Transcribe every line of the material below without change, apart from dropping the pictures.

# [PROVIDED DATA]
▬▬▬▬▬▬▬▬▬▬
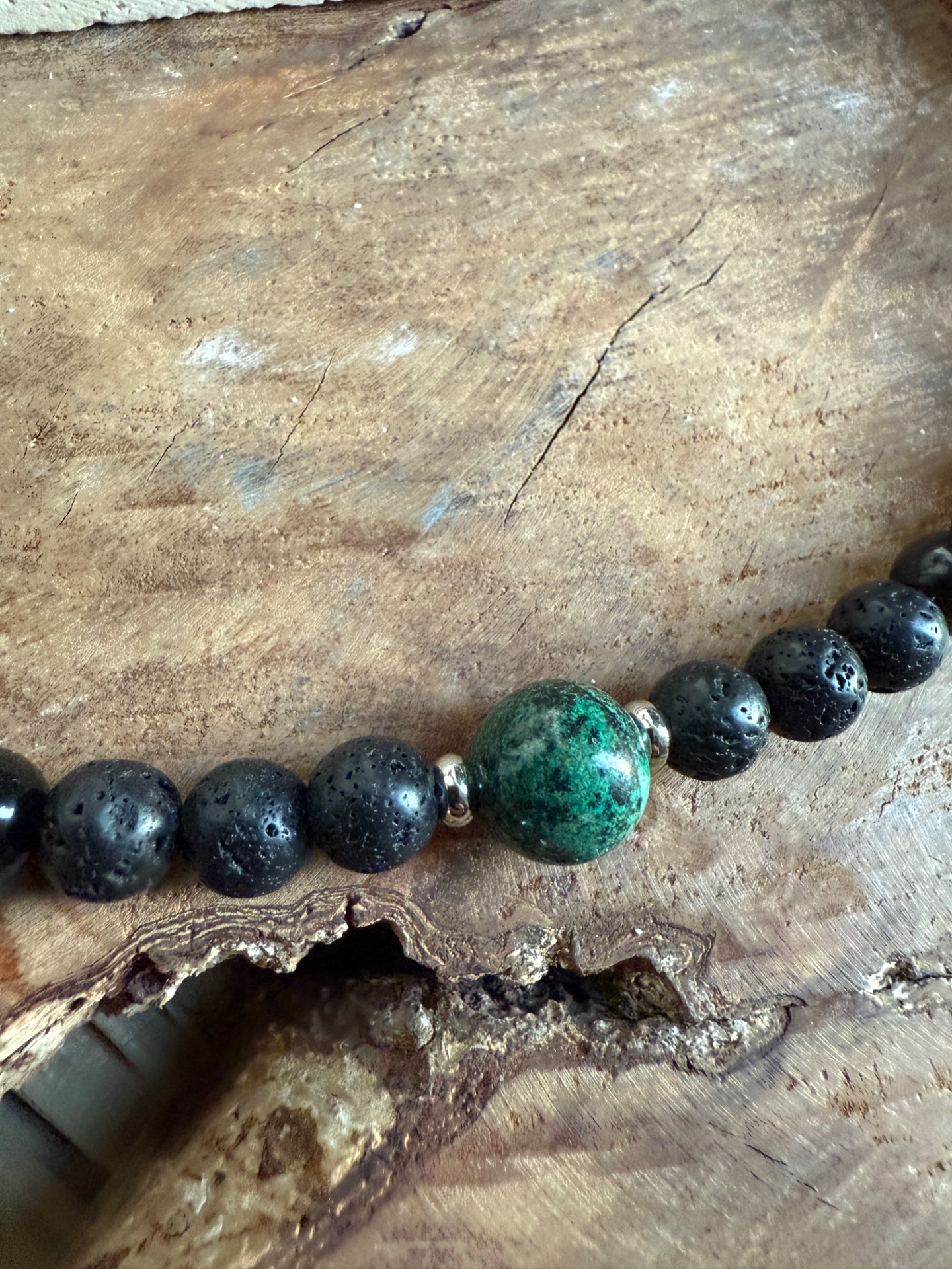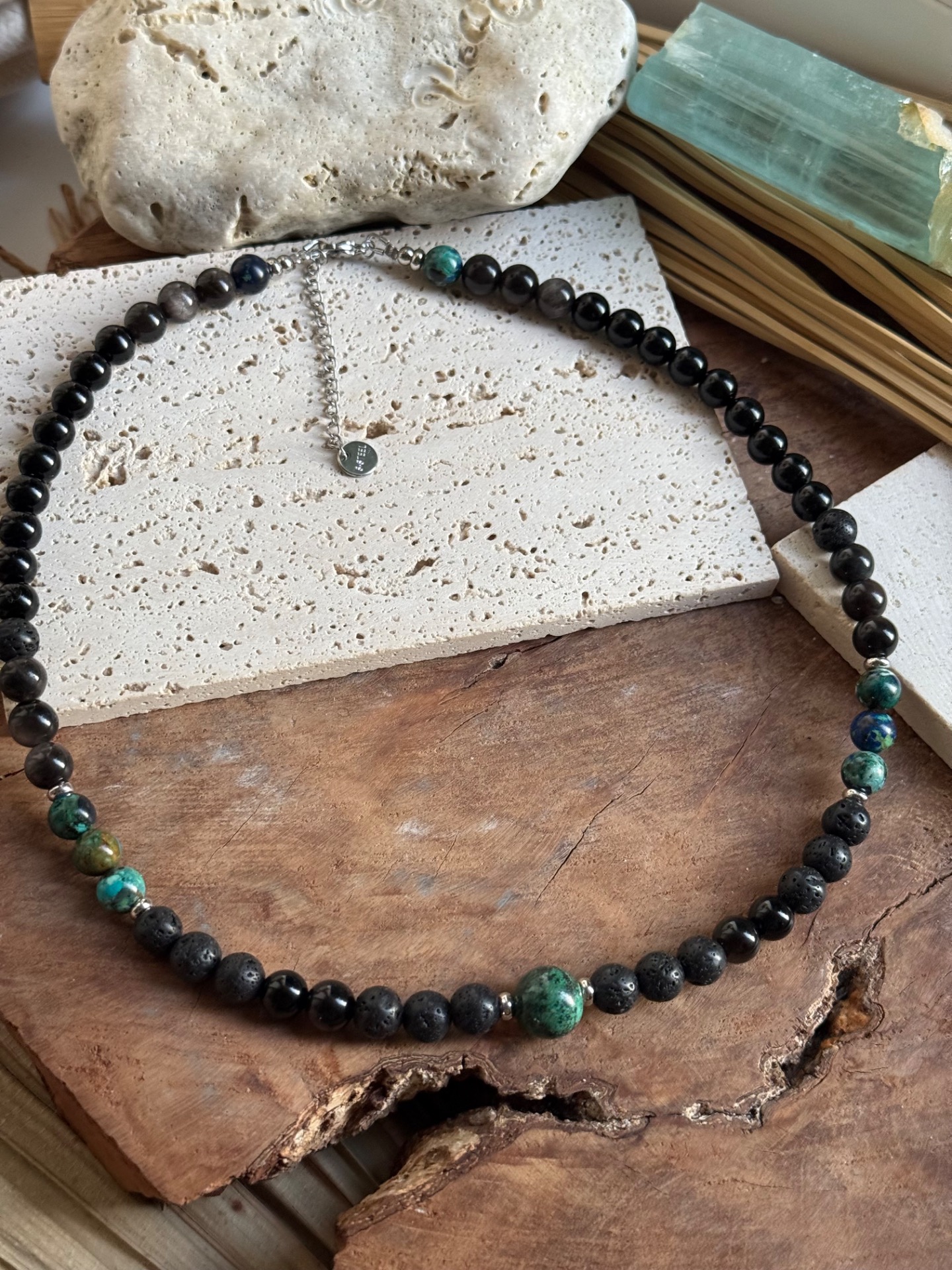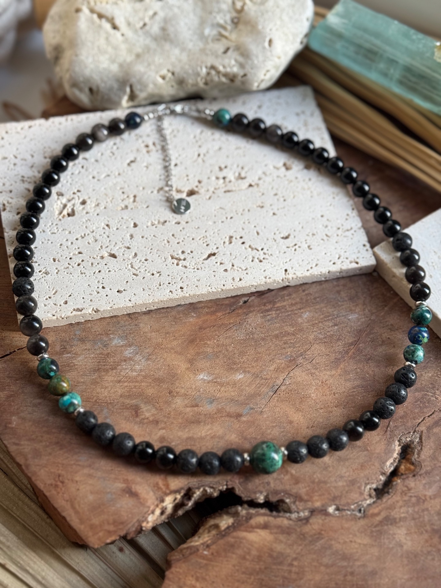 "Hlboká transformácia" – pánsky náhrdelník z azuritomalachitu, lávy, obsidiánu a ónyxu (8 mm)
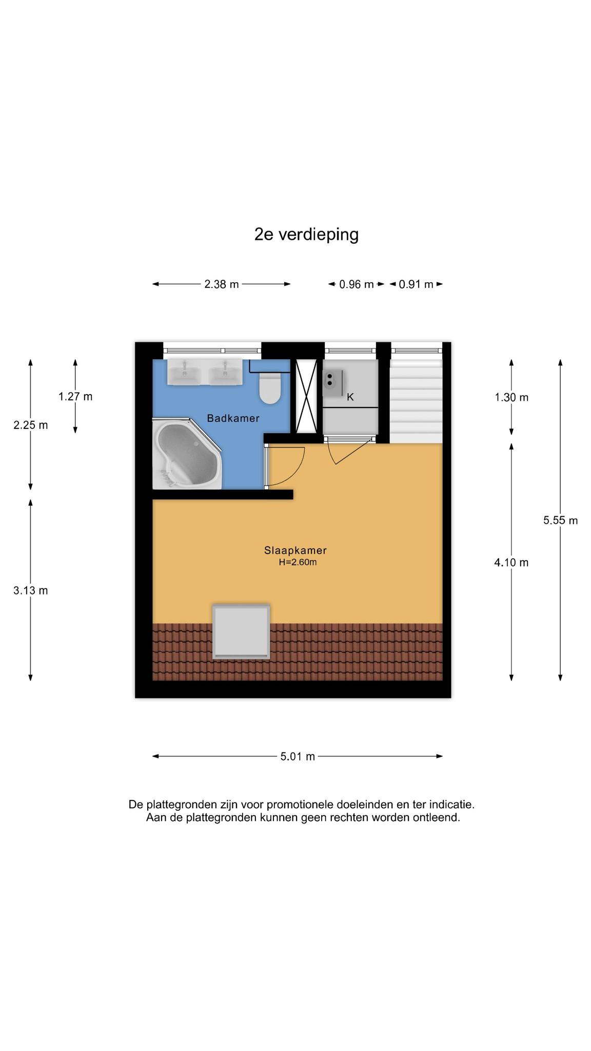 Op de derde verdieping vinden we de master bedroom en de badkamer. De badkamer is voorzien van een groot bad en een vaste wastafel met toilet. Op de derde verdieping hangt ook de cv-ketel en is er nog een ruimte voor opslag. Door de dakkapel aan de achterzijde is er vanuit de zuidkant veel ligt op deze verdieping.
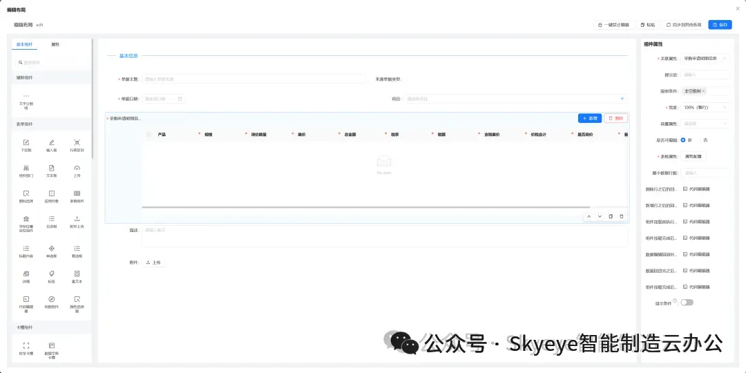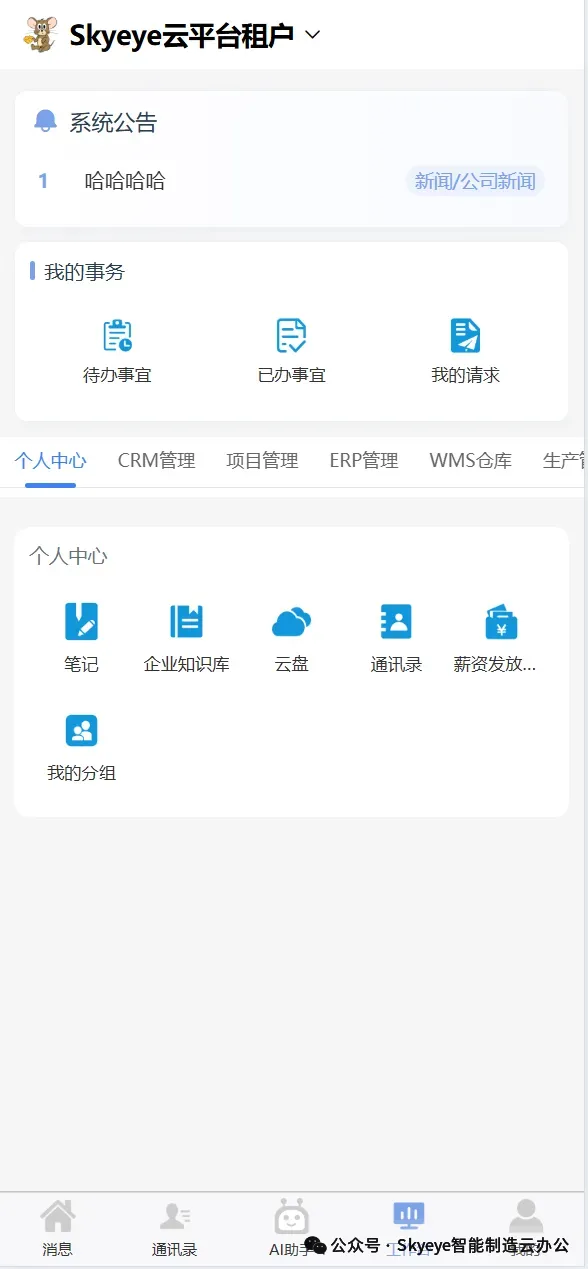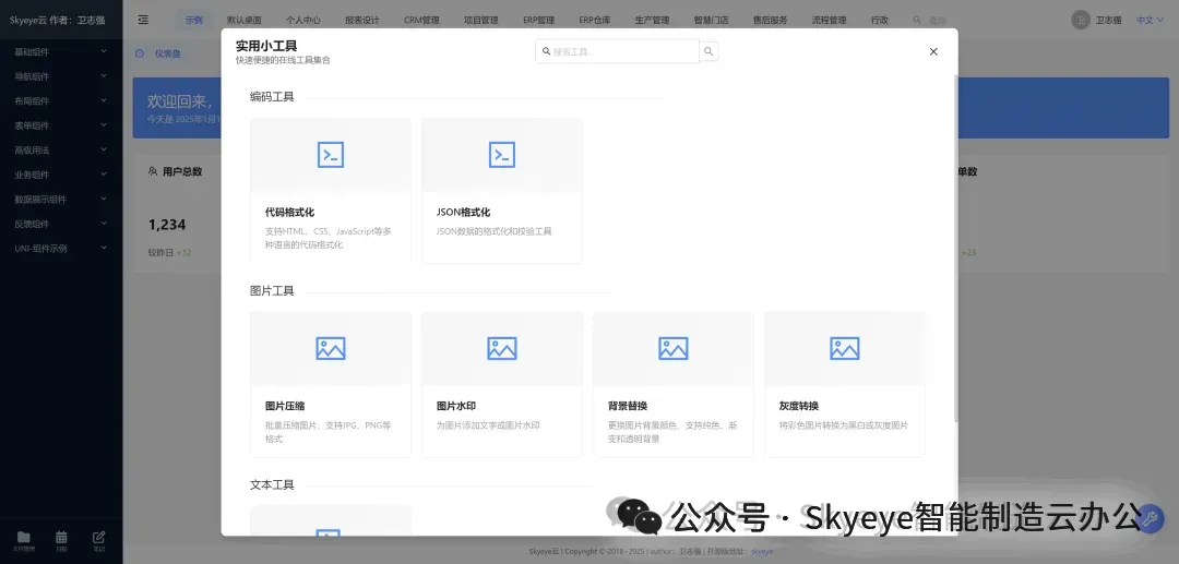 Skyeye 云智能制造,智能制造一体化,采用 SpringBoot+ UNI-APP + Ant Design Vue 的零代码平台开发模式。包含 50 多种电子流程,CRM、PM、ERP、MES、ADM、OA、EHR、AI、项目、商城、财务、多班次考勤、薪资、招聘、云售后、论坛、问卷、报表设计、工作流、Saas 等功能。打造全网首套零代码、功能最全的智能制造行业供应链一体化管理软件。
▬▬▬▬▬▬▬▬▬▬
# [RESPONSE TO THE TASK]
 "Hlboká transformácia" – pánsky náhrdelník z azuritomalachitu, lávy, obsidiánu a ónyxu (8 mm)
 Op de derde verdieping vinden we de master bedroom en de badkamer. De badkamer is voorzien van een groot bad en een vaste wastafel met toilet. Op de derde verdieping hangt ook de cv-ketel en is er nog een ruimte voor opslag. Door de dakkapel aan de achterzijde is er vanuit de zuidkant veel ligt op deze verdieping.
 Skyeye 云智能制造,智能制造一体化,采用 SpringBoot+ UNI-APP + Ant Design Vue 的零代码平台开发模式。包含 50 多种电子流程,CRM、PM、ERP、MES、ADM、OA、EHR、AI、项目、商城、财务、多班次考勤、薪资、招聘、云售后、论坛、问卷、报表设计、工作流、Saas 等功能。打造全网首套零代码、功能最全的智能制造行业供应链一体化管理软件。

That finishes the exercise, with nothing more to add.